Whew! It is over! I am dancing on the inside as a result of that. In some respects, actually a number of respects, this was a good holiday. The best part was that my wife was calm and happy, and if not happy, at least calm! (grin) Our respective families bring out the worst in us. Her sis arrived on Wednesday with her overnight bag in hand and her emotional baggage packed as well. She is not a happy person and strives for happiness by being sarcastic and unkind to others. How many other people are sarcastic when their 4 y/o nephew asks to play Candyland. It amazes me that she has no idea what a gift the love and adoration of a child is. That she doesn't get that there will be times when he could care less that Auntie has arrived. I know she has no children of her own, but still is seems so obvious to me.

Thanksgiving day was punctuated with the excitement of a power failure right as the turkey was going into the oven. Now most of us (me and the 4 kiddos) are vegetarian so the plight of tom turkey was not too big a deal to us. But I knew it would be huge to the rest of the family. We called the electric company and the power could be off they said till after 11 a.m. This would not give a reasonable time to cook the bird so Kirsty and i began making alternative plans. We could still use the gas burners on the top of the stove, so we planned out a nice though unusual Thanksgiving menu. However the goddess was smiling upon us. We got power back in less than 45 minutes though the store 3 houses up from us didn't get it back till 11. So the turkey and all the sides cooked without a hitch and dinner was only about 30 minutes late.

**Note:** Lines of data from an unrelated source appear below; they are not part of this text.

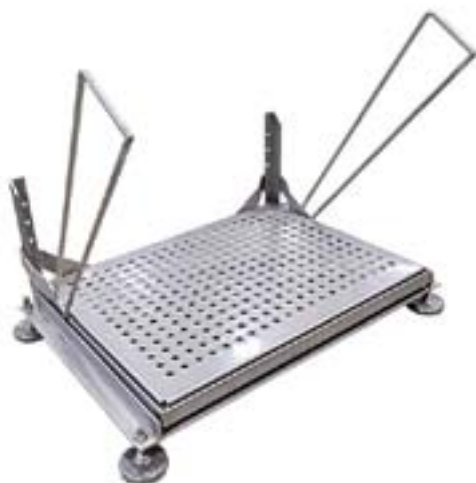
Adjustable stand, lowered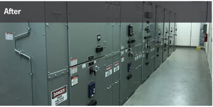
"Before and after" pictures of the K and L areas power distribution system project \,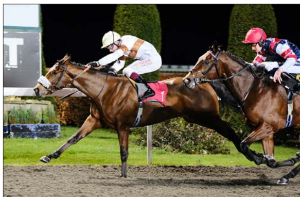
LESSAY made a winning debut in December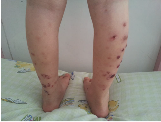
FIGURE 1: Palpable purpura and hemorrhagic bullae on both lower extremities.

pain. There was no history of reduced urine output, visible blood in the urine, or black stool. The case had taken no medication and had no history of upper respiratory tract infections or animal/insect bites for at least 1 month prior to the onset of rashes.

Our gathering on the day was really nice, though it was exhausting. Not just from hosting, cooking and cleaning, but emotionally. Why do families have to bite at one another? It mystifies me and left me in the position of feeling the need to turn conversations to other avenues several times.

The next day my mother was arriving for a visit. My sister called me and asked if she could stop by too so that she could see Mum. OK I should be bigger than this but I was hurt. I was hurt because I invited her to a long planned summer party this summer and she said she would come and then blew us off to go and visit her father. I invited her twice to come to our house on Thanksgiving. She declined and chose to spend the day with her ex. OK fine. Or I try to say fine. But it bothers me that she can't come visit us and really was only there because she wanted to see my mother. So I am left with feeling petty and smallminded and trying to rise above that.

We prepared the house as best we could for Mum's visit. There is stress to her visits. I love her and i love to have her be with the kids here because it is their home and they are able to play and interact in a much more easy going environment than when we travel to her home. Which we do monthly, and the kids are really really good about trying contain their natural exuberance while at Nana's tiny little apartment. But back to the stress. Being as I am the fourth generation to live her, Mum can't visit without finding something wrong with the way we keep the house. Once it was the pellets we store on the front porch. Another the number of strollers we keep in our front hall. I was told our house was so cold she would freeze. (uh huh Mum, may I refer you back to the pellets on the front porch???) My children are critiqued; thankfully not to their faces but to me. My kids are really by and large good kids. But they are kids. They are not good kids all the time. And our house is far from quiet. I try as i know my wife does, to make sure things are welcoming for her. Food is abundent and home made, tea waits for her when she arrives--I know in Maine she hasn't any one to "do" for her and to be pampered a bit must feel good. Her bedroom is fixed and pretty, her grandkids can't wait to share themselves with her. So I visit and smile and wait for the shoe to drop. Because I know it will. It always does. And sure enough true to form, it did. Last night while I cleaned the kitchen after supper and she sat sipping tea and dessert she asked me why the siding hadn't held up better on the house and why there was such unsightly black streaks on the front of the house. I wanted to flatten her. Really, I did. I told her it was from the traffic and that we wash the house and it comes back. You would have thought that would end it. But no, this is my mother. She asks my wife the same damn question this morning. Now I really wanted to flatten her. I feel like she never sees the beauty of our family, the love that we share and have for her and instead is so busy looking to see the family homestead is kept the way she feels it should be. Appearances and all that. It is so shallow and so sad.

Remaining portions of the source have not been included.